• _TRY IT_
From the records that follow, return exactly the lines beginning at the one that contains "沈月化身油畫(huà)少女 身穿漸變色連體褲造型清新" and ending at the one that contains "bueno continuamos lo", pictures left out.

• _DATA FOR ANALYSIS_
--
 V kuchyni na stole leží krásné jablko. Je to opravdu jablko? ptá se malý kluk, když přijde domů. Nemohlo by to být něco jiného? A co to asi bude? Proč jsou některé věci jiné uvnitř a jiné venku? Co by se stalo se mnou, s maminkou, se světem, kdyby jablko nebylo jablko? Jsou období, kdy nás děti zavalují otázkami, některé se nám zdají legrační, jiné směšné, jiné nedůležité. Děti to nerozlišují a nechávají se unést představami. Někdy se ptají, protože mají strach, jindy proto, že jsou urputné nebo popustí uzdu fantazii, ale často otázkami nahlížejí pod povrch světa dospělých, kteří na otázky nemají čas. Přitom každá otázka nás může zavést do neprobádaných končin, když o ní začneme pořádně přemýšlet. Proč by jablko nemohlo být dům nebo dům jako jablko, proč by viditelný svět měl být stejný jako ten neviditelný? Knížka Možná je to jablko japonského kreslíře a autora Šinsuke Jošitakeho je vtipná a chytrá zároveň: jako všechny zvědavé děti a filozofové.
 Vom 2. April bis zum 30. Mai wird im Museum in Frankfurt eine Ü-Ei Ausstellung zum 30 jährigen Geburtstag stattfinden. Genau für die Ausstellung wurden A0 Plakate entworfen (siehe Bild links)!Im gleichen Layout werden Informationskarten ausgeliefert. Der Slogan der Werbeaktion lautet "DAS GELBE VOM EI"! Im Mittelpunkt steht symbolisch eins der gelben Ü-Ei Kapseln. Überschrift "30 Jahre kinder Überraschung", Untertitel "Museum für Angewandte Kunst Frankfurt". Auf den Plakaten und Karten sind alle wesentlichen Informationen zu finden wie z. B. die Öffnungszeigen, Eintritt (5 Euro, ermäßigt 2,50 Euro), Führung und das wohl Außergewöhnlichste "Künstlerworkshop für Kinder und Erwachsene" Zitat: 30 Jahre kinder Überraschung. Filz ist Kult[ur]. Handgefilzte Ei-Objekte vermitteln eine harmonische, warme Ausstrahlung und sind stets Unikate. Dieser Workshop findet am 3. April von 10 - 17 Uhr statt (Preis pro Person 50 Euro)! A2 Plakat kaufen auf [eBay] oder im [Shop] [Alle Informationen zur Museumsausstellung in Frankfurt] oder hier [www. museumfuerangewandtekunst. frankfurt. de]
--
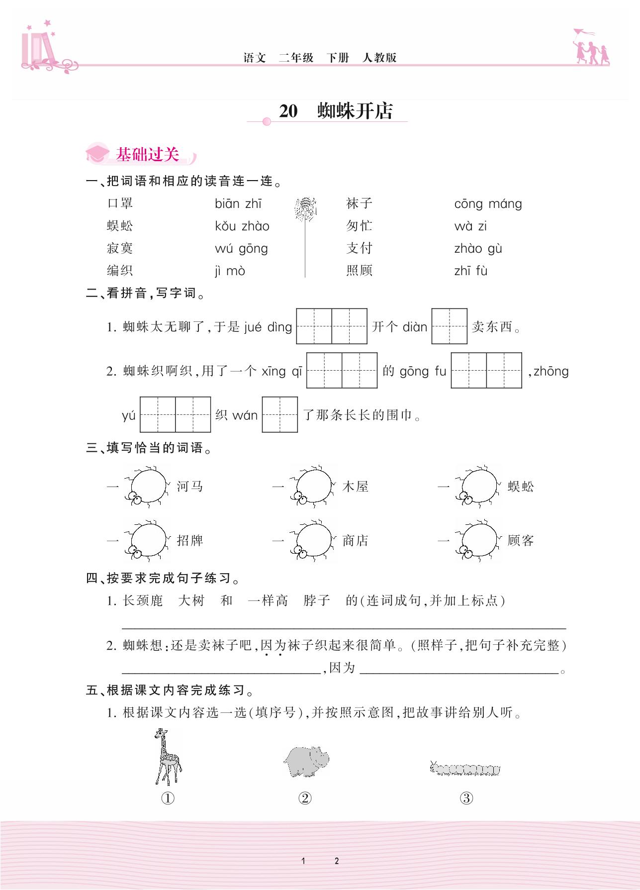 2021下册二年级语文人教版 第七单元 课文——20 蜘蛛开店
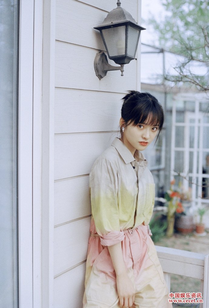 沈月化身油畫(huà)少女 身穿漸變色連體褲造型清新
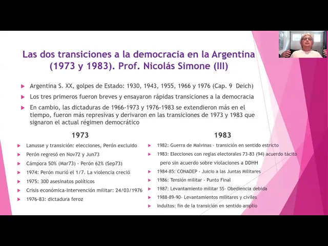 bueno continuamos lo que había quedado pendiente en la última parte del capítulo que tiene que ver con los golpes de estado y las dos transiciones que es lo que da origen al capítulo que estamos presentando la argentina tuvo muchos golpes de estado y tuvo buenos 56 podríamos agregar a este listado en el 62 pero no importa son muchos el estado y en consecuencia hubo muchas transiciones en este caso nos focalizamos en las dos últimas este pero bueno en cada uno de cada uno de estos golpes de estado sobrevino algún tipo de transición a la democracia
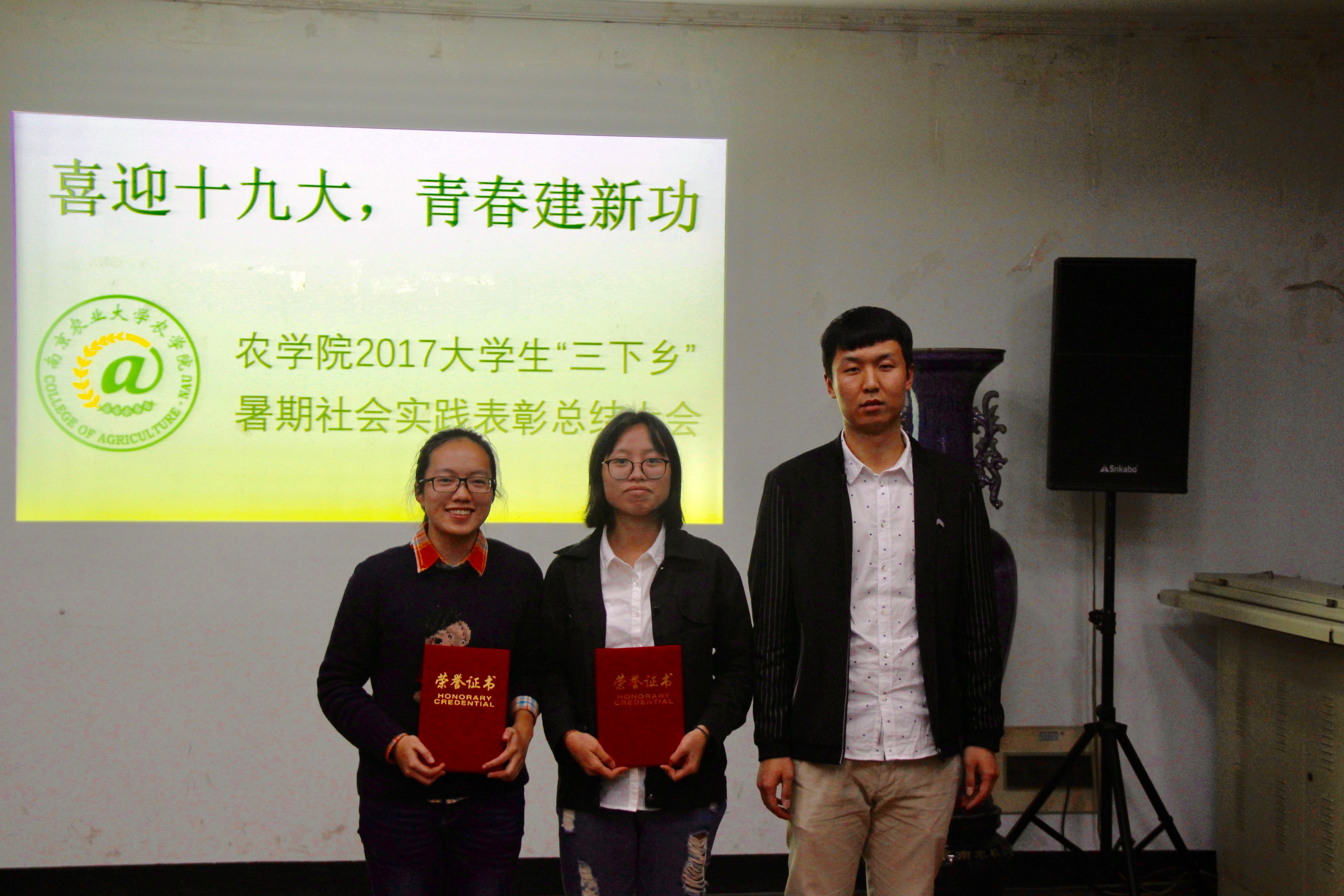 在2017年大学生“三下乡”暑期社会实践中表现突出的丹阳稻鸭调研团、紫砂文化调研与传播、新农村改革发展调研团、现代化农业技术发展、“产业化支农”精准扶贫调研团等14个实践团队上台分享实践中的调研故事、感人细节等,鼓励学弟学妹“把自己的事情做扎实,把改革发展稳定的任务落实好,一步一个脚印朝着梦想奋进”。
--
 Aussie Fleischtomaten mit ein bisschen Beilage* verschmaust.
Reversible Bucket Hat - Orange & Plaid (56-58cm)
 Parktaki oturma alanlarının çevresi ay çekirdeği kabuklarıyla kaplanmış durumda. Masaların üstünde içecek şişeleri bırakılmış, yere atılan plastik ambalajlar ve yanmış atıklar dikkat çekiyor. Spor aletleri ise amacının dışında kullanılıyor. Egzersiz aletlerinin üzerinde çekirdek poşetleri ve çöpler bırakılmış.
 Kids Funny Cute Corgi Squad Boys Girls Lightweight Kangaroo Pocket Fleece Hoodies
--
• _SOLVED EXERCISE_
 沈月化身油畫(huà)少女 身穿漸變色連體褲造型清新
 bueno continuamos lo que había quedado pendiente en la última parte del capítulo que tiene que ver con los golpes de estado y las dos transiciones que es lo que da origen al capítulo que estamos presentando la argentina tuvo muchos golpes de estado y tuvo buenos 56 podríamos agregar a este listado en el 62 pero no importa son muchos el estado y en consecuencia hubo muchas transiciones en este caso nos focalizamos en las dos últimas este pero bueno en cada uno de cada uno de estos golpes de estado sobrevino algún tipo de transición a la democracia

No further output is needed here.